Learning to express reward prediction error-like dopaminergic activity requires plastic representations of time

TD learning with a fixed feature-specific temporal-basis

The original TD learning algorithms assumed that agents can be in a set of discrete labeled states (s) that are stored in memory. The goal of TD is to learn a value function such that each state becomes associated with a unique value (\(V\left(s\right)\)) that estimates future discounted rewards. Learning is driven by the difference between values at two subsequent states, and hence such algorithms are called temporal difference algorithms. Mathematically this is captured by the update algorithm: \(V\left(s\right)\leftarrow V\left(s\right)+\alpha \left(r\left({s}^{{\prime} }\right)+\gamma V\left({s}^{{\prime} }\right)-V\left(s\right)\right)\), where \({s}^{{\prime} }\) is the next state and \(r\left({s}^{{\prime} }\right)\) is the reward in the next state, \(\gamma\) is an optional discount factor and \(\alpha\) is the learning rate.
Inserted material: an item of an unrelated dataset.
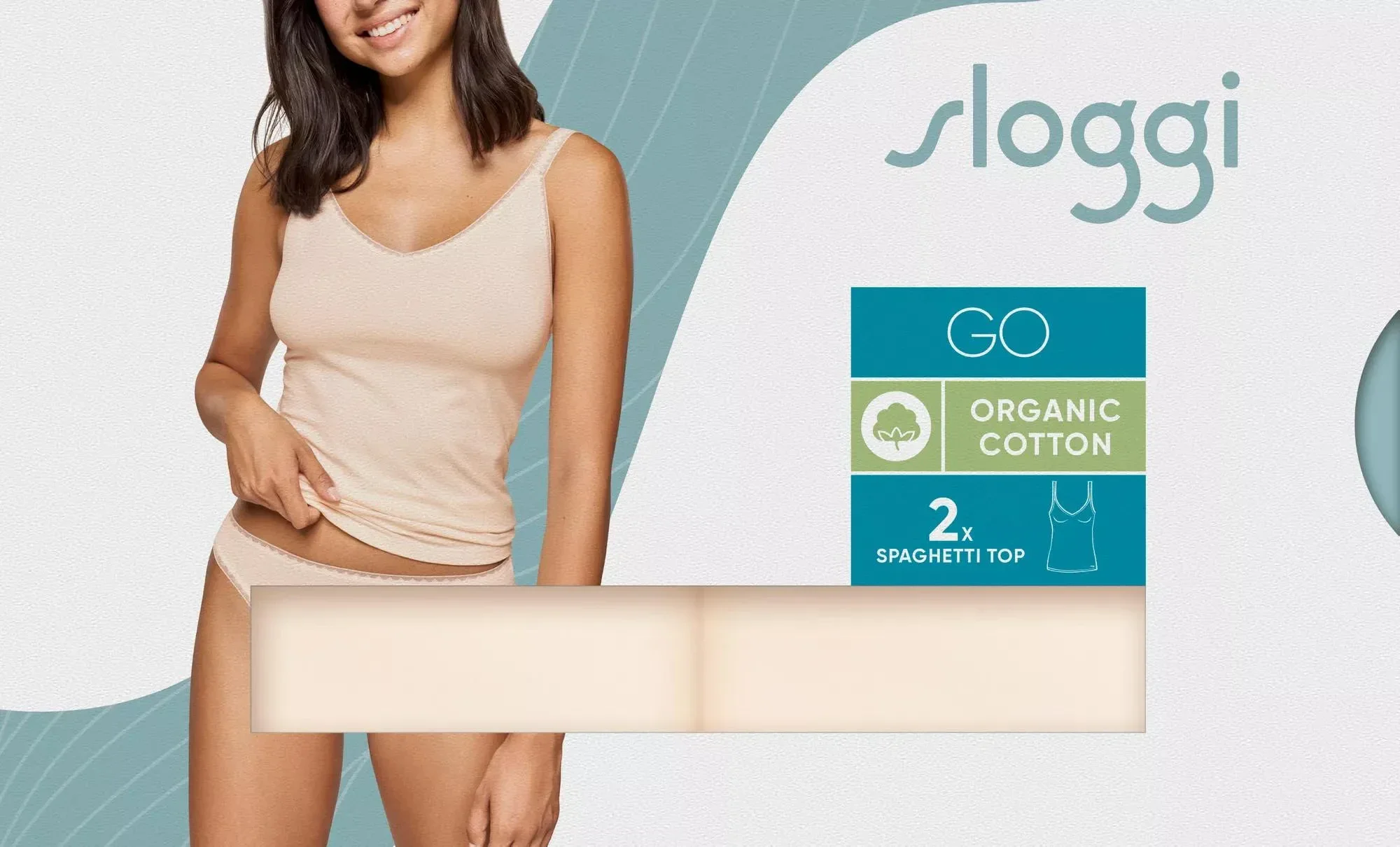 Odolné a měkké tílko sloggi GO se špagetovými ramínky s hlubokým výstřihem do V

The term in the brackets in the right-hand side of the equation is called the RPE. It represents the difference between the estimated value at the current state and the estimated discounted value at the next state in addition to the actual reward at the next state. If RPE is zero for every state, the value function no longer changes, and learning reaches a stable state. In experiments that linke RPE to the firing patterns of dopaminergic neurons in VTA, a transient conditioned stimulus (CS) is presented to a naïve animal followed by a delayed reward (also called unconditioned stimulus or US, Fig. 1a). It was found that VTA neurons initially respond at the time of reward, but once the association between stimulus and reward is learned, dopaminergic neurons stop firing at the time of the reward and start firing at the time of the stimulus (Fig. 1b). This response pattern is what one would expect from TD learning if VTA neurons represent RPE⁵.